Patients with Thalassemia often complaint of pain, fatigue, reduced muscle
mass and they are of higher risks for osteoporosis. It is essential to discuss the
reasons of heterogeneity and history so that an effective method for control and
management of thalassemia can be established. These treatment measures
should be cost effective and it should improve quality of life of the patient. This
review will inculcate knowledge about thalassemia, its distribution, cause,
symptoms, prevention; including the use of gene therapy as a possible cure.
Overview
Thalassemia is caused by mutations in the DNA of cells that make haemoglobin
chain (a protein in red blood cells that carries oxygen throughout body). The
mutations associated with thalassemia are passed from parents to children.
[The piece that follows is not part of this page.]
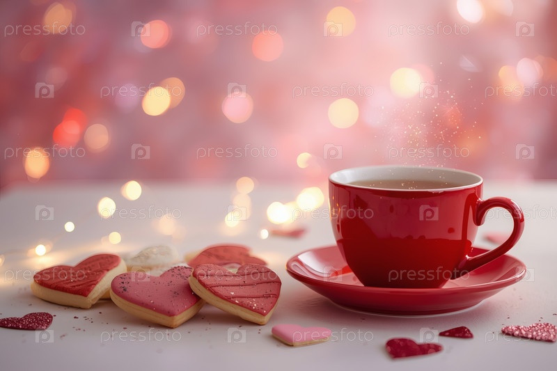 Домашнее имбирное печенье в форме сердца и чашка чая на столе. вкусный имбирный кекс в форме сердца на светло-розовом фоне. свежевыпеченный имбирный кекс на День святого Валентина
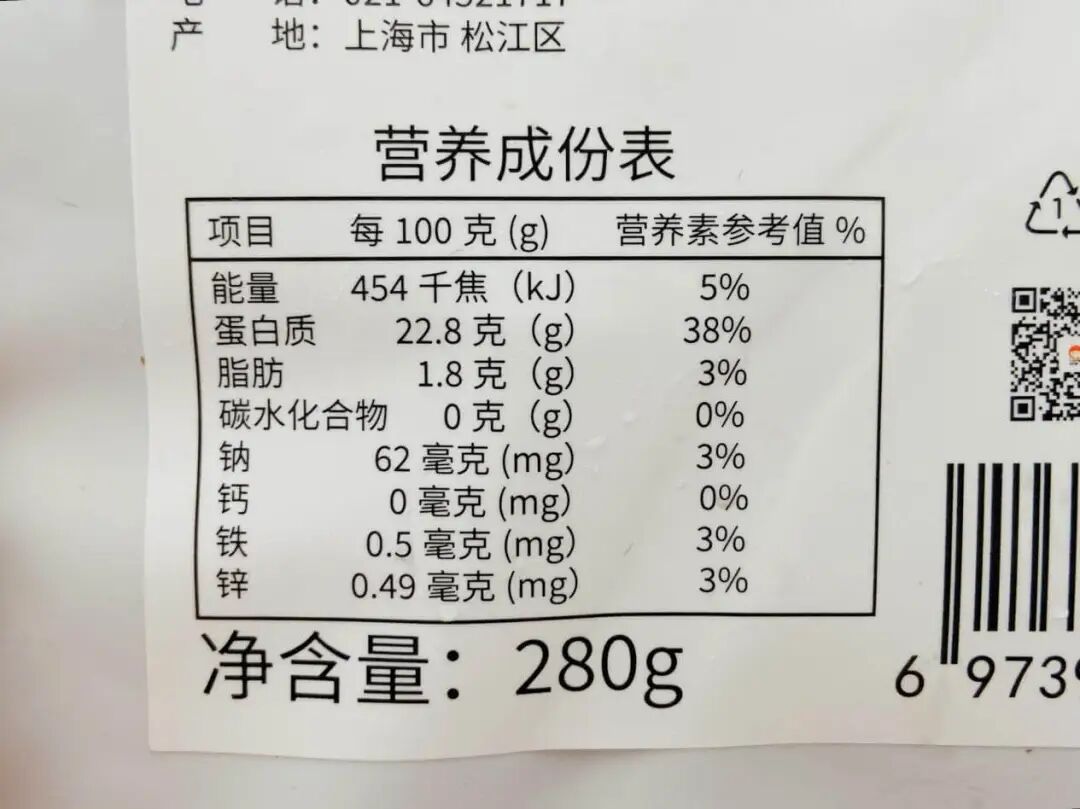 直接从萌小丸这款鸡胸肉的成分来看,它的脂肪含量要比一般标准更低,只有 1.8g/100g,同时蛋白质含量 22.8g/100g,是牛奶的 7 倍,妥妥的高蛋白低脂肪食物!

Thalassemia disrupts the normal production of haemoglobin and healthy red
blood cells. This causes anaemia. With anaemia, blood doesn't have enough red
blood cells to carry oxygen to tissues leaving body fatigued. Meanwhile, the
body tries to make more haemoglobin and more red blood cells. So, the blood
system goes into overproduction mode, which can cause more symptoms and
complications. β-Thalassemia occurs when body can’t produce β-globin chain.
Two genes, one from each parent, are inherited to make beta globin. This type
of thalassemia comes in two serious subtypes: thalassemia major (Cooley’s
anaemia) and thalassemia intermedia. [1]. Depending on the type of beta
thalassemia, the amount of abnormal hemoglobin varies. It can be most of the
body's hemoglobin, or only a small proportion. This is mainly what determines
how severe the thalassemia is. There are also other individual factors involved.
So, two people with the same type of thalassemia may have a different severity
of illness from the same condition.
When a person having the beta thalassemia trait (carrier of β-thalassemia gene)
marries another beta thalassemia trait there is 1 in 4 chance of the foetus being
affected, 1:2 chance of the foetus having the trait and 1 in 4 chance of being
properly normal. Thus for each pregnancy there is a 25% chance for baby being
affected with thalassemia major. [25]
SYMPTOMS
The signs and symptoms of beta thalassemia vary depending on the type that a
child has. Most children with beta thalassemia trait have no symptoms. Those
with β thalassemia major and intermedia may not show any symptoms at birth,
but usually develop them in the first 2 years of life.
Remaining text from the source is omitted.